Methods: : During Phase II of the VIP Study, screening was conducted at 78 Head Start sites. After formal training and certification, 16 nurse screeners (NS) and 17 lay screeners (LS) completed vision screening on 1541 children between 3 and 5 years of age enrolled in Head Start programs. The battery of tests included: Lea Symbols visual acuity (VA) test, Stereo Smile II test, Retinomax Autorefractor and SureSight Vision Screener. Time in minutes to complete each test was recorded. The characteristics of each screening setting, including adequacy of space, light conditions, level of noise and other environmental distractions were summarized daily by the Project Coordinators using a standardized reporting form. Basic summary statistics, Chi–Square, Fisher’s Exact and Wilcoxon Rank Sum–tests were performed to identify significant differences between administering VIP testing under different environmental conditions.

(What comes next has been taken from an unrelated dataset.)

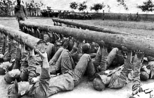 삼청교육대 입소자들이 목봉체조 훈련을 받고 있다. 한국일보 자료사진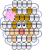 3½ yards ribbon, cord or plastic lacing 1 key ring or lanyard hook 59 white pony beads 24 clear pony beads 16 gray pony beads 7 bone or light brown pony beads 6 tan pony beads 1 coral pony bead 1 yellow pony bead 1 pink flower bead* (optional) Black sharpie marker or craft paint pen for drawing on eyes and eyelashes. Red and Blue sharpie marker or craft paint pen for drawing stripes on arms as shown. (Note: do both arms) *I found a package of flower beads at Walmart. Since the package did not contain the right flower color needed, I painted a flower using bright pink craft paint. Special Instructions: Pay

Results: : No significant differences were found between NS and LS with respect to the location, layout and conditions at the screening stations and time required to complete the tests. Most (86%) of the screening was conducted in a gym or other multipurpose room, library, lunchroom, office or classroom, but hallways open to traffic needed to be used in some cases (14%). The screening area was shared with other Head Start activities in 21% of settings. The level of distractions was rated major to severe in 16% of settings. The percentage of children unable to perform the test did not differ by the level of distraction for any of the screening tests. Mean time required to complete testing was greater in settings with no or low distractions vs. major or severe distractions (12.4 min vs. 11.8 min; p= 0.006). Tests requiring more cooperation from the child, Lea Symbols VA (4.2 min vs. 4.0 min; p= 0.02) and Stereo Smile (2.9 min vs. 2.7 min; p= 0.11) did not take longer with distractions, nor did the SureSight (2.6 min vs. 2.4 min; p= 0.13) which uses an auditory signal.

Conclusions: : Adverse environmental conditions (pedestrian traffic, noise or other distractions) had no adverse effect on child’s ability to perform vision screening or time required to complete testing. These results suggest that vision screening can be successfully carried out by trained personnel in a "real world" environment where distractions may be present.